__DATASET__:
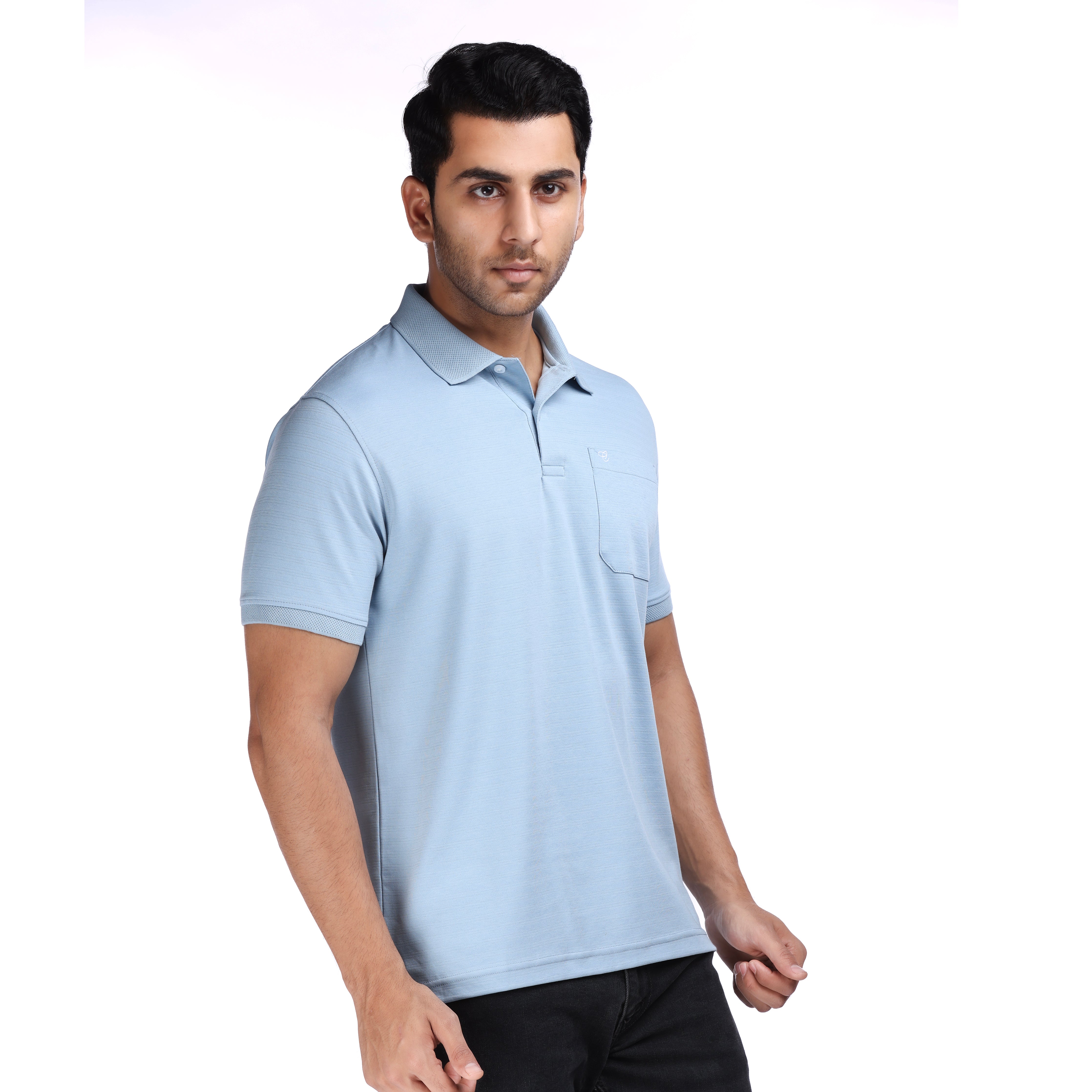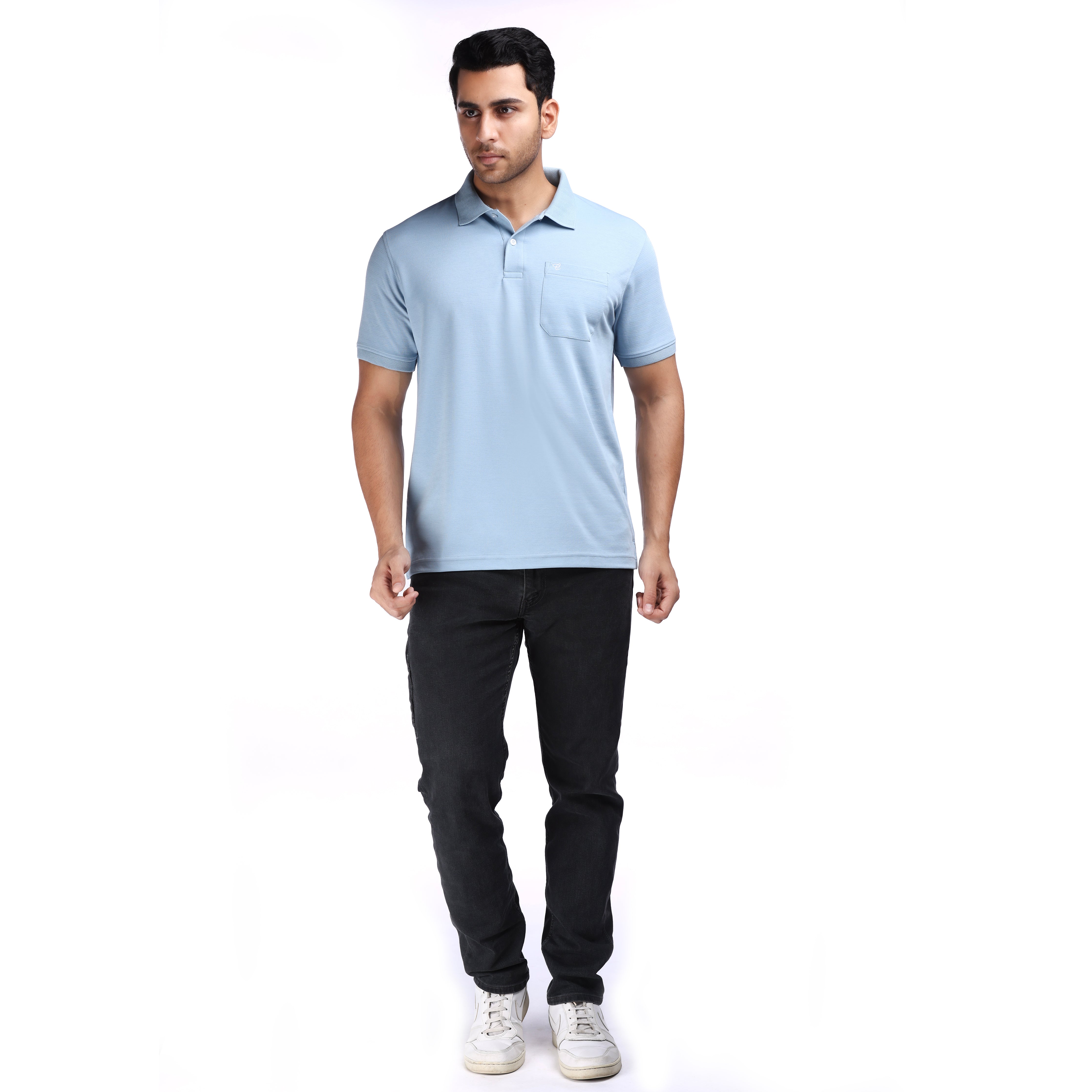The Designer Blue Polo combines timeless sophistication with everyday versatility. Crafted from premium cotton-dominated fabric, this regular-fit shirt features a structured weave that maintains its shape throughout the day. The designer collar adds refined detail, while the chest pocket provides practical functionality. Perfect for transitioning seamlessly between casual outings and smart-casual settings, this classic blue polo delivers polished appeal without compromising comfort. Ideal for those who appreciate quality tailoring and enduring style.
* * *
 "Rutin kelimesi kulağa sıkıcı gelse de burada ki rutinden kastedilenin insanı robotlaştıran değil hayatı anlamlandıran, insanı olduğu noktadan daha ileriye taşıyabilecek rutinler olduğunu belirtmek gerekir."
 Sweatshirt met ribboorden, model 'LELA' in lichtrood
...
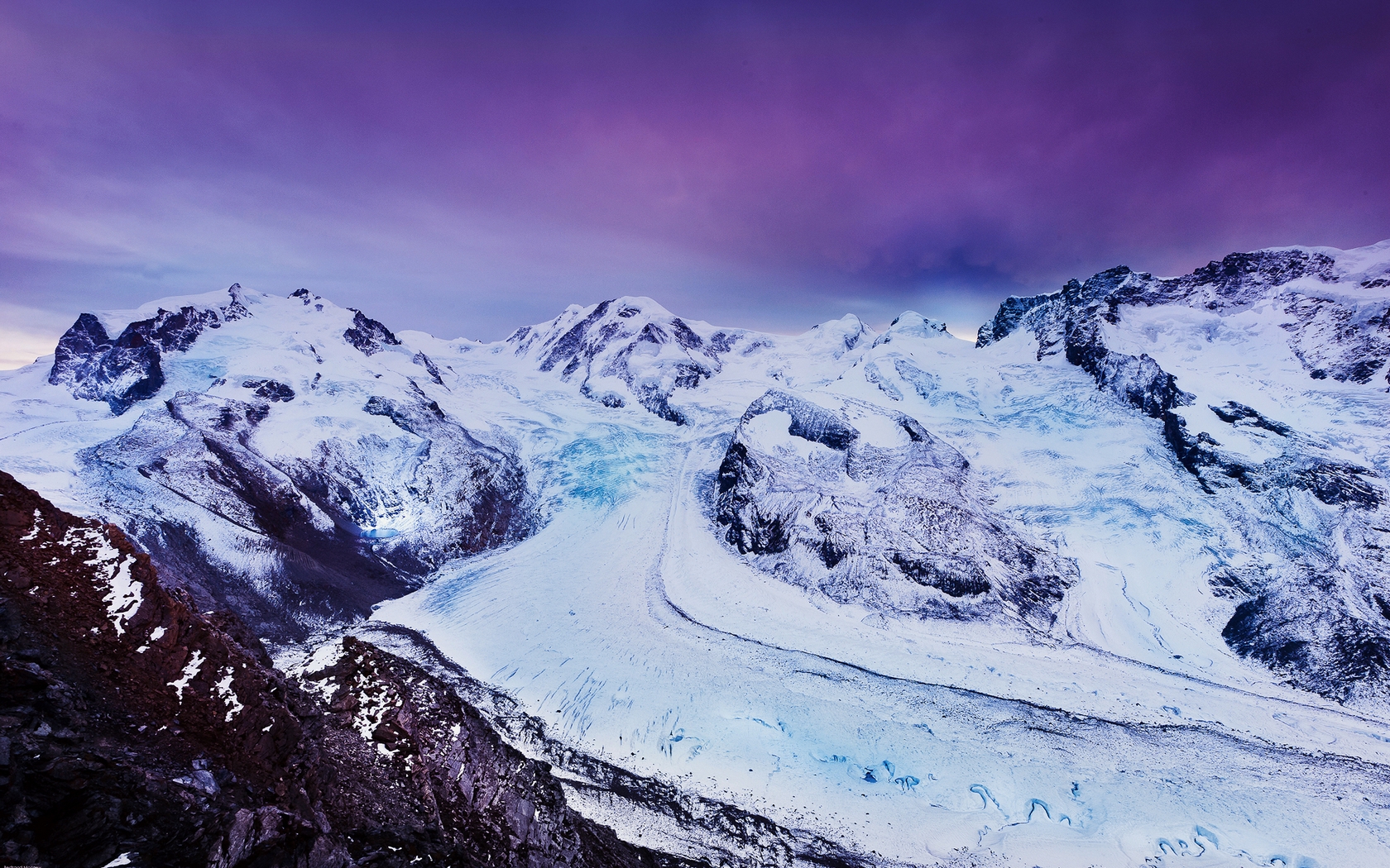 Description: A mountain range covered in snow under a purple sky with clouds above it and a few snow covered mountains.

__ASSIGNMENT__: Precisely the lines between those holding "kelimesi kulağa sıkıcı" and "Sweatshirt met ribboorden, model", inclusive, are to be reproduced from the listing above, with nothing added.

__WRITTEN RESPONSE__:
 "Rutin kelimesi kulağa sıkıcı gelse de burada ki rutinden kastedilenin insanı robotlaştıran değil hayatı anlamlandıran, insanı olduğu noktadan daha ileriye taşıyabilecek rutinler olduğunu belirtmek gerekir."
 Sweatshirt met ribboorden, model 'LELA' in lichtrood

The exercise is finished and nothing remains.